After Governor Deal vetoed the Free Exercise Protection Act last spring, There has been lots of speculation over whether “religious liberty” legislation would be a factor in the upcoming 2017 legislative session. That speculation grew more heated after House Speaker David Ralston wondered in an interview with Bill Nigut and Jim Galloway if the issue is one that the federal government should deal with, especially now that there is a Republican administration on Capitol Hill.

Rather than ask if religious freedom legislation will make another appearance in 2017, a better question to ask would be, “which flavors of religious liberty legislation could be introduced in 2017?” In fact, there are four distinct measures that could be up for debate next year.

The first, and perhaps the most widely known is the Religious Freedom Restoration Act. This legislation was passed at the federal level in the 1990s, but was ruled as not applying to the states by the Supreme Court. The law directs courts to use a standard called strict scrutiny when considering cases involving the free exercise of religion. RFRA bills were introduced in 2014 by Sen. Josh McKoon and Rep. Sam Teasley, and again in 2015 by McKoon as Senate Bill 129. Controversy over similar, but not identical, legislation in Arizona and Indiana stalled progress on Georgia’s RFRA. Senator McKoon has indicated that the bill will likely be re-introduced in 2017.

Two additional bills were introduced during the 2016 legislative session dealing with religious liberty. The first was the Pastor Protection Act, authored by Rep. Kevin Tanner. This bill attempted to deal with concerns that, in light of the Obergefell decision in 2015 dealing with gay marriage, no religious leader would be required to perform a marriage ceremony, nor would a church be forced to let its property be used for a religious ceremony it did not approve of. Approved unanimously in the House, the bill was later incorporated into the Free Exercise Protection Act.

The third religious liberty bill introduced last year was the First Amendment Defense Act, sponsored by Senator Greg Kirk. The measure was based on identically named federal legislation that its sponsors said was designed to protect religious organizations from being discriminated against because of their beliefs.

But, the measure is subject to different interpretations. For example, the measure is designed to protect a church affiliated adoption agency that refuses to let a same-sex couple adopt a child from being fined or otherwise penalized by the government. While some see this as a valid exercise of the agency’s beliefs, others believe that it is an example of discrimination against same sex marriages.

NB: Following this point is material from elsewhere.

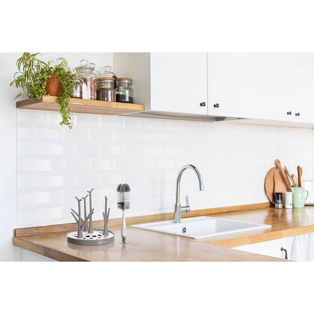 Velika četka s dlačicama i mekim spužvastim vrhom učinkovito uklanja ostatke mlijeka i nečistoće čak i s dna i iz kutova boca bez grebanja.
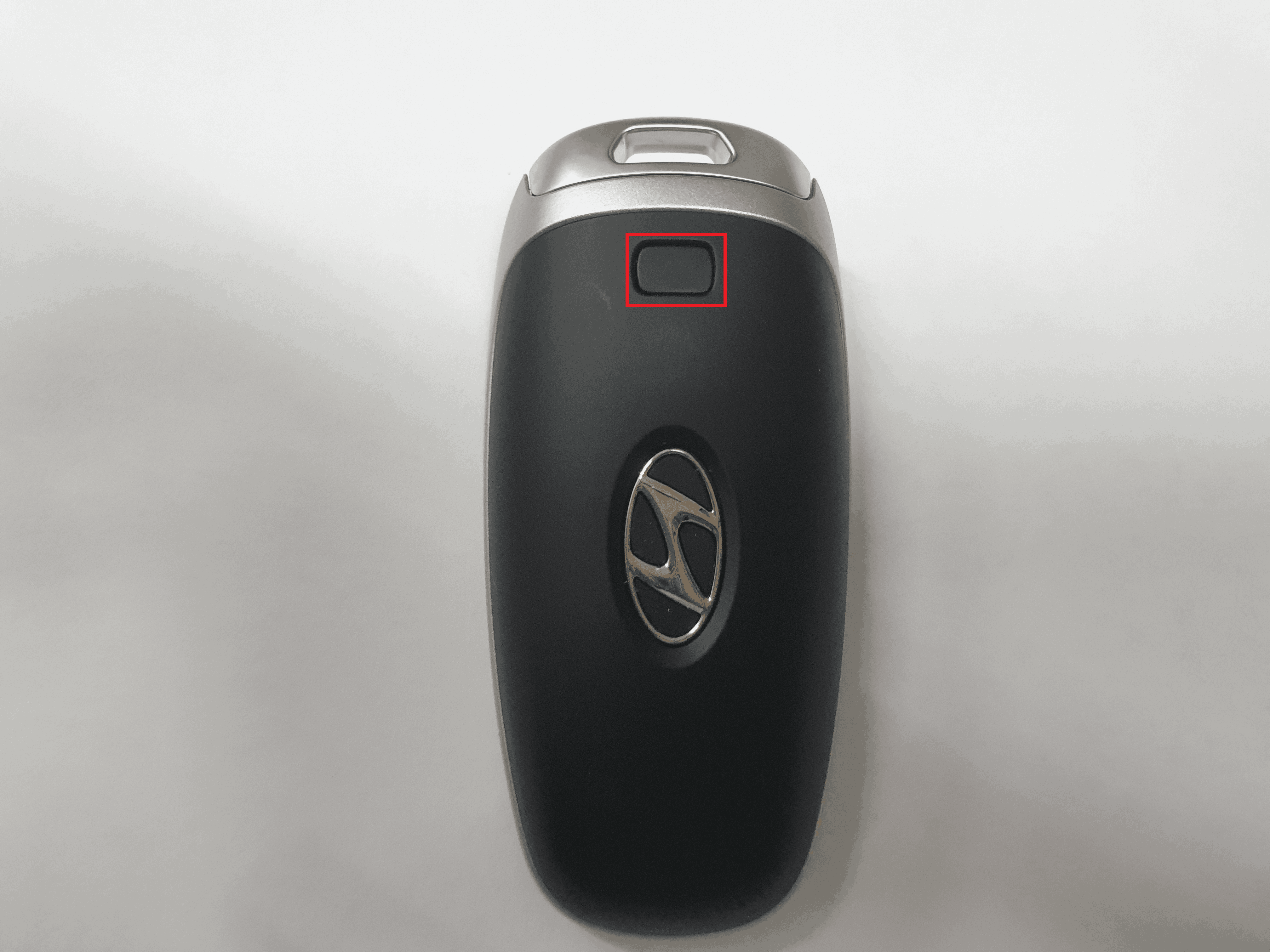 첫 번째로 배터리를 분리하기 위해 리모컨 키 뒷면에 네모난 부분을 누른 상태로 유지해 주세요.

The First Amendment Defense Act is what Speaker Ralston was referring to when he said that religious liberty should be a federal issue, echoing remarks by Senator Johnny Isakson during the heat of Georgia’s religious liberty debate last March. In the end, much of this bill, along with RFRA and the Pastor Protection Act ended up merged in the measure vetoed by the governor.

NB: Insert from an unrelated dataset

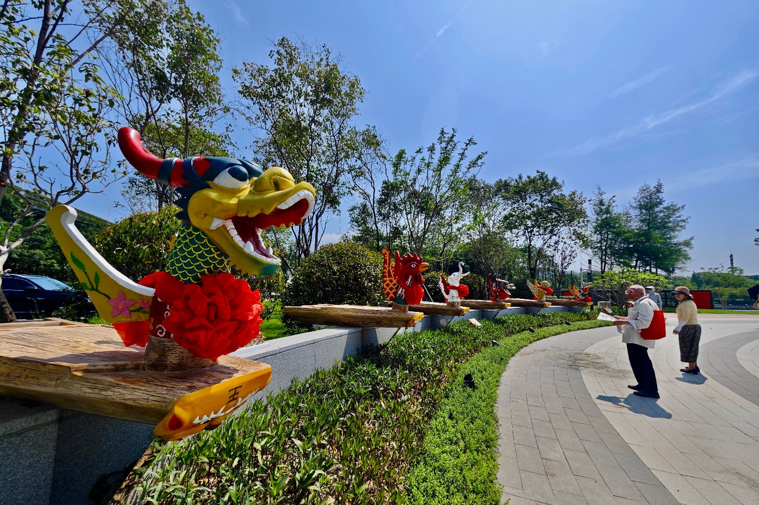 民众观看各种动物造型的龙舟首。(图片来源:中新社)
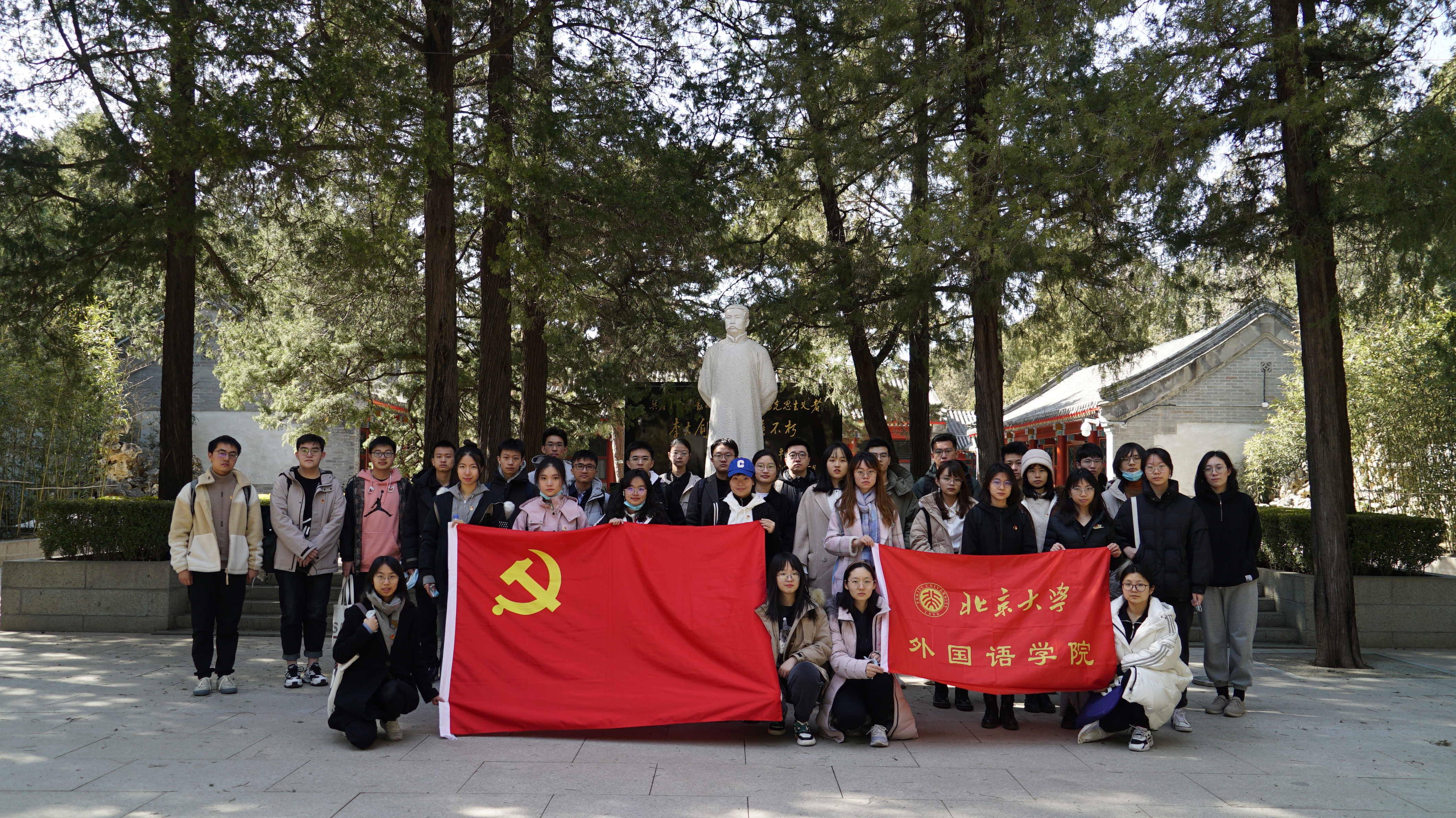 2022年3月4日下午,B体育平台开展了第34期党的知识培训班第四次院系创新性活动——红色爱国主义教育基地参访活动,近四十名学员在专职辅导员杨轶佳老师和领队辅导员邹艾安的带队下,赴万安公墓李大钊烈士陵园和北京植物园一二·九运动纪念地两处教育基地参观学习,缅怀革命先烈,重温光荣历史,展望未来征途。

The final component of religious liberty legislation, one that has not been seen yet in Georgia, is exemplified in North Carolina’s House Bill 2. This measure requires transgender individuals to use bathroom and other facilities that correspond to their birth sex. It also prevents municipalities from introducing local anti-discrimination measures. Passage of he measure led to the loss of sporting events in the Tar Heel state, and many believe that support for the measure led to North Carolina’s governor Pat McCrory losing his re-election bid last month. While no bill has been dropped for the 2017 measure, many believe that similar legislation could make an appearance under the Gold Dome.

The issues of religious beliefs and rights and LGBT rights are both polarizing and strongly held by many people. For that reason, if nothing else, it’s important to be precise as the legislature considers different bills during the upcoming session.